Topic 2 · Performance monitoring

Firebase Performance automatic traces

Firebase Performance auto-traces app start (cold/warm/hot), screen rendering, and HTTP requests. You get the P50/P75/P90/P95/P99 distribution for free.

Custom traces for business flows

Auto traces tell you "HTTP to /checkout took 800 ms P95." Custom traces tell you "end-to-end cart → payment → confirmation took 4.2 s P95," which is what the PM actually cares about.
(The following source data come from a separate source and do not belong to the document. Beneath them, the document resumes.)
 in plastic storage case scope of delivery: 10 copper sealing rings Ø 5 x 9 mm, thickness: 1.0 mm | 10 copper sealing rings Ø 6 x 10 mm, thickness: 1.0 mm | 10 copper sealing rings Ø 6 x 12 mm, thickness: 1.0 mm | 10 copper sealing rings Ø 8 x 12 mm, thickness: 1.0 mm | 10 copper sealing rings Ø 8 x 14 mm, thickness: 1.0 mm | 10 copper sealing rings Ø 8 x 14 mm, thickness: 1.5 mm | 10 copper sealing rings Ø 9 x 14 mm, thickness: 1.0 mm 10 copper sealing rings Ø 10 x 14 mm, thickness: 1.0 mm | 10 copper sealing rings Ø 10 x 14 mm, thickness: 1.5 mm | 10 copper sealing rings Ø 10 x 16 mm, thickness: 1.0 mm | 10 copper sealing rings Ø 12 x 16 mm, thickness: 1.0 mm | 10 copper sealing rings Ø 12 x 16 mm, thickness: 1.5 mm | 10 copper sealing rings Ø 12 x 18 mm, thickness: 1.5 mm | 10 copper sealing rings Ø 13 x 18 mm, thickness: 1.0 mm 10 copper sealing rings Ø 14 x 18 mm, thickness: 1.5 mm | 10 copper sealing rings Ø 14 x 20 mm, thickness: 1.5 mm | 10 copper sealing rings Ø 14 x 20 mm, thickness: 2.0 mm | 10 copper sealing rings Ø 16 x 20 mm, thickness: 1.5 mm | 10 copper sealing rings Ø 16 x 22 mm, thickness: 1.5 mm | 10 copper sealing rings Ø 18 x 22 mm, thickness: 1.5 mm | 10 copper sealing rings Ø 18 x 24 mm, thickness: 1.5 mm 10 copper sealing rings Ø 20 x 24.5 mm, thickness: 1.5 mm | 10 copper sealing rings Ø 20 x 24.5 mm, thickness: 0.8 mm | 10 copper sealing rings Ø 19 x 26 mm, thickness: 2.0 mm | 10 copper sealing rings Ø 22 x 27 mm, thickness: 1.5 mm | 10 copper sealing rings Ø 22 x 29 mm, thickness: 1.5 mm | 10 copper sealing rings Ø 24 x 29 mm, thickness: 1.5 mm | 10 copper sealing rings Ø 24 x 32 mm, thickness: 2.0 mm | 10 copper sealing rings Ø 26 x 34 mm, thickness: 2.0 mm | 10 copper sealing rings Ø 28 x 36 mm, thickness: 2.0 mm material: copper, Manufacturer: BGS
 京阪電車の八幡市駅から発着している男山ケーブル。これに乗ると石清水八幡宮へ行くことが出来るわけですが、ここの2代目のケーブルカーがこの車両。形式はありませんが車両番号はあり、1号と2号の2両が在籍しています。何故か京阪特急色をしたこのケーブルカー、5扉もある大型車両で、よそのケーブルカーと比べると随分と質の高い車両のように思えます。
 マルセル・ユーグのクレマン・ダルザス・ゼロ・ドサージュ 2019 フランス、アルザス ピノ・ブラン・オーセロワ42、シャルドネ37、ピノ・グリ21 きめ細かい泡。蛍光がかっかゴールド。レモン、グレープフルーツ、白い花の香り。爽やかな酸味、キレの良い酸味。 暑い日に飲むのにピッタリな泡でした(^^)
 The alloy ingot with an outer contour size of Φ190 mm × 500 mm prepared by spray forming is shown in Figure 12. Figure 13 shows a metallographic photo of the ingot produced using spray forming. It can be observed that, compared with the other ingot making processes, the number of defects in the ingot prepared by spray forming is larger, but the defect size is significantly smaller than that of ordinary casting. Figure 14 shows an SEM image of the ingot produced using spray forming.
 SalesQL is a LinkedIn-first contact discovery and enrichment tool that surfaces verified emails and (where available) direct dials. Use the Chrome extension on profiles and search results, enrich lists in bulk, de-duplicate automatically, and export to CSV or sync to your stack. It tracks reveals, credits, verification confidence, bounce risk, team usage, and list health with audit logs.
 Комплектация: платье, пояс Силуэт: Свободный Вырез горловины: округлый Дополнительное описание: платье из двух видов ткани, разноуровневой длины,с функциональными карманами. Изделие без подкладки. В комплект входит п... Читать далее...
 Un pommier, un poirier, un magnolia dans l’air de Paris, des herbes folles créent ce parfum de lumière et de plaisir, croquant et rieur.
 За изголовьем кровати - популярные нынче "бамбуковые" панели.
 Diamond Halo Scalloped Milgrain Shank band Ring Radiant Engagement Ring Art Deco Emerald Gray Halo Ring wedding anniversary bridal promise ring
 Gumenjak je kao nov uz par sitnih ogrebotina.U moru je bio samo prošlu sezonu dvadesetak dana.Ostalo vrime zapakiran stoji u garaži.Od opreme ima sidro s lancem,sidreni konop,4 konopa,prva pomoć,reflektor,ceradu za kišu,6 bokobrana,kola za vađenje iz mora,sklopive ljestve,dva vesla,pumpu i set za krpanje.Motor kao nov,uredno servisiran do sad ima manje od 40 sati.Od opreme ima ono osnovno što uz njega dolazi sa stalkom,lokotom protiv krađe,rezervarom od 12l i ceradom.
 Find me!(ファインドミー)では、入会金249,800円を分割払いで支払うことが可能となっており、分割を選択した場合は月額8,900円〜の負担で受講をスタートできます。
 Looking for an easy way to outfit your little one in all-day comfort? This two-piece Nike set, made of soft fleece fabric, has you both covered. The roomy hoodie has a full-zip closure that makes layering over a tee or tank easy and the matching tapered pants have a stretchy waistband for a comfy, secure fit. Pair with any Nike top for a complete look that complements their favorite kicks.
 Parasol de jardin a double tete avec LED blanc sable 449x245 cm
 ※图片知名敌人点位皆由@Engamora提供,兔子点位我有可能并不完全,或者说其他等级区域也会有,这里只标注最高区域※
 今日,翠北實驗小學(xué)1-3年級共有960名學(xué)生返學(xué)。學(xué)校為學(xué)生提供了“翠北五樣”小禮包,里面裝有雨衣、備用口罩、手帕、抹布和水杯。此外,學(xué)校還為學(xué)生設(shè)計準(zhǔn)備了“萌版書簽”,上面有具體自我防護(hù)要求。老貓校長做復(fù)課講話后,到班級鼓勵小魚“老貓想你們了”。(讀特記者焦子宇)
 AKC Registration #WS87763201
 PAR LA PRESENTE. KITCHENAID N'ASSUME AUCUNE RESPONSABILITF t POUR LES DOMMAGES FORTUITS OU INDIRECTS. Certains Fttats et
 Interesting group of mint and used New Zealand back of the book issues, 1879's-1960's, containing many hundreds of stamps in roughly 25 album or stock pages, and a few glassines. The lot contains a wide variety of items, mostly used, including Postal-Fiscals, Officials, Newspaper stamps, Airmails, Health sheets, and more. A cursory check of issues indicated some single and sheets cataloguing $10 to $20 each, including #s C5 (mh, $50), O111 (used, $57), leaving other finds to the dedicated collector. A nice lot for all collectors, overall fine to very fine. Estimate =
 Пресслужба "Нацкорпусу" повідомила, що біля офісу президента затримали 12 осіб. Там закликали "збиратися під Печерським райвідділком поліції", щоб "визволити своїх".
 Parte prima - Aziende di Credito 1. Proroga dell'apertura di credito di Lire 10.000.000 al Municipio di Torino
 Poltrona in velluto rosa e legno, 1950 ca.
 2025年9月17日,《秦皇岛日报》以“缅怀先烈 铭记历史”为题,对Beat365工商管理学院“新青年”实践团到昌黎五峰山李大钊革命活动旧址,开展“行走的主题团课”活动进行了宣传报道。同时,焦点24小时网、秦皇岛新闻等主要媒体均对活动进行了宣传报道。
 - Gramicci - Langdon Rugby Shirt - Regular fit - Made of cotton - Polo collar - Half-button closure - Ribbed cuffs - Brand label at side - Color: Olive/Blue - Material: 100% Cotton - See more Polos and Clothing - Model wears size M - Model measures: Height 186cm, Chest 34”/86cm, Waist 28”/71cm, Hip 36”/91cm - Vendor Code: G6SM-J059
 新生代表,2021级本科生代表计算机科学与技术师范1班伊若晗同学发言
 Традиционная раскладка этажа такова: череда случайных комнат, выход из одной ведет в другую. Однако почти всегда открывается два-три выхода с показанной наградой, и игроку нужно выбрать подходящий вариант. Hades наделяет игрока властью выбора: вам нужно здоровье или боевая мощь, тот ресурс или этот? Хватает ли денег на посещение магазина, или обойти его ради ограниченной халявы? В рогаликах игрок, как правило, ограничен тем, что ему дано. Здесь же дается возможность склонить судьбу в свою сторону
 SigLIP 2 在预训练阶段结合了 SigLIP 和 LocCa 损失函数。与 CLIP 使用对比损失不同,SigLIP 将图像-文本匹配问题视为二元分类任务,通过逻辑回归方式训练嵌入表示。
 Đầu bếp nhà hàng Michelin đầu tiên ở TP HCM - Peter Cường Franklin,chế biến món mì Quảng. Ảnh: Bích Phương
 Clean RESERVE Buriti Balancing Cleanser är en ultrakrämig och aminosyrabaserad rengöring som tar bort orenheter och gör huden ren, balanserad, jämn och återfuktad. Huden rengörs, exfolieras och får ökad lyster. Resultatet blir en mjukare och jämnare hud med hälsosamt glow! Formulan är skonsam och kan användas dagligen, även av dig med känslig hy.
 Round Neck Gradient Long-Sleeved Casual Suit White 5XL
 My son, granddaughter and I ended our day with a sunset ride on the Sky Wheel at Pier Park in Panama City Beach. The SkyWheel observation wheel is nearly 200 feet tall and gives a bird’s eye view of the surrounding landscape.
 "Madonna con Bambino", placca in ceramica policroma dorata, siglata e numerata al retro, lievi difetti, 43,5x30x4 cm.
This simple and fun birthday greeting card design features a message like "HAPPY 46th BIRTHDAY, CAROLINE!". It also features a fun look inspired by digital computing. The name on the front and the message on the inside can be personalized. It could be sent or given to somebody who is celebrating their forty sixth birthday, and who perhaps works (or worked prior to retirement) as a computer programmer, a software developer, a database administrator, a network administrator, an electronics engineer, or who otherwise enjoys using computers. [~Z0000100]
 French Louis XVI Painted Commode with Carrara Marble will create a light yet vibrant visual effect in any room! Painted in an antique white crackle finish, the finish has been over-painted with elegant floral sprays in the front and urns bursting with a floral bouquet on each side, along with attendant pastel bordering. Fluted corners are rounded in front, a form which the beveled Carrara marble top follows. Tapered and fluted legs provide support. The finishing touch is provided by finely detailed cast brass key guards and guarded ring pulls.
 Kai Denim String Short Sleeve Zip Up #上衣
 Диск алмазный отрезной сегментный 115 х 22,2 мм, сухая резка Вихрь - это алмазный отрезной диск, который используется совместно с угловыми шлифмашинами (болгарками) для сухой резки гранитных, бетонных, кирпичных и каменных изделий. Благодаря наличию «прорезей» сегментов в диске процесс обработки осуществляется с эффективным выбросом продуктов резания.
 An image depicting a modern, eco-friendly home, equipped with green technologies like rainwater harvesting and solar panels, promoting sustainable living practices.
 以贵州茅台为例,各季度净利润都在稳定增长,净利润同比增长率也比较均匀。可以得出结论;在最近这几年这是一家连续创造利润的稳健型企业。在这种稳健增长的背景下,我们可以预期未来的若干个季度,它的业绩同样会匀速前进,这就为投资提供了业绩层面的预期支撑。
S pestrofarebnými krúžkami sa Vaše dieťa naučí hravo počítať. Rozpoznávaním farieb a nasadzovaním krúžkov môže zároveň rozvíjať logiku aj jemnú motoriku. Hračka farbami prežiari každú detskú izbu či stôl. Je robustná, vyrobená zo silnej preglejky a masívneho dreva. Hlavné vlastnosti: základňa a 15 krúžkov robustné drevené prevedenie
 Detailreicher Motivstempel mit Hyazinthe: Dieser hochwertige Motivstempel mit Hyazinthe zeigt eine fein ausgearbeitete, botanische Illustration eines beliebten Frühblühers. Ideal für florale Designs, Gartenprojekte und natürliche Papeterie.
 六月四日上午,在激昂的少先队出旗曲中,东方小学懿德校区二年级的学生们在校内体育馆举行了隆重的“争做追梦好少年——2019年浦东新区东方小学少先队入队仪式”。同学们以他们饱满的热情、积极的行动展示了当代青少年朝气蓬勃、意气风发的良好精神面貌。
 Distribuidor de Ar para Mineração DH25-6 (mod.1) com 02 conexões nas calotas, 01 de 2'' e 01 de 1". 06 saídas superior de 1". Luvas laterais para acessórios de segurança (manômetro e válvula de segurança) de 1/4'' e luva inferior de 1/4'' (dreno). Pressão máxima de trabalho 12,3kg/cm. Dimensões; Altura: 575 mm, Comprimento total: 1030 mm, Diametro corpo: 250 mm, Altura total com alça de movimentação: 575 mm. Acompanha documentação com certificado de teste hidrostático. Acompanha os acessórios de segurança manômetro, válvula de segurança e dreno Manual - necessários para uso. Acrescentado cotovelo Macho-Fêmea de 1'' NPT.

class CheckoutTracer @Inject constructor() {
    suspend fun <T> traceCheckout(block: suspend () -> T): T {
        val trace = Firebase.performance.newTrace("checkout_flow")
        trace.start()
        return try {
            block().also { trace.putMetric("items_sold", /* ... */) }
        } finally {
            trace.stop()
        }
    }
}

viewModelScope.launch {
    tracer.traceCheckout {
        val cart = repo.currentCart()
        val payment = payments.charge(cart.total)
        orders.create(cart, payment)
    }
}

Topic 3 · Structured logging

Logs are only useful if you can search them. Use structured logs (JSON) with a stable schema — this turns a firehose into a queryable table:

data class LogEvent(
    val timestamp: Long = System.currentTimeMillis(),
    val level: String,
    val tag: String,
    val message: String,
    val userId: String? = null,
    val sessionId: String,
    val screen: String? = null,
    val requestId: String? = null,
    val extra: Map<String, Any?> = emptyMap()
)

class StructuredLoggingTree @Inject constructor(
    private val shipper: LogShipper,         // ships to backend / Datadog / Elastic
    private val session: SessionProvider
) : Timber.Tree() {

    override fun log(priority: Int, tag: String?, message: String, t: Throwable?) {
        if (priority < Log.INFO) return
        val event = LogEvent(
            level = when (priority) {
                Log.ERROR -> "ERROR"
                Log.WARN  -> "WARN"
                Log.INFO  -> "INFO"
                else      -> "DEBUG"
            },
            tag = tag ?: "app",
            message = message,
            userId = session.userId(),
            sessionId = session.sessionId(),
            screen = session.currentScreen(),
            extra = t?.let { mapOf("stacktrace" to it.stackTraceToString()) } ?: emptyMap()
        )
        shipper.enqueue(event)
    }
}

Redacting PII

Logging is the single biggest source of PII leaks into logs-retention systems. Redact at the source, not at the backend:

private val EMAIL_REGEX = Regex("[A-Za-z0-9._%+-]+@[A-Za-z0-9.-]+\\.[A-Za-z]{2,}")
private val PHONE_REGEX = Regex("\\+?\\d[\\d ()-]{7,}")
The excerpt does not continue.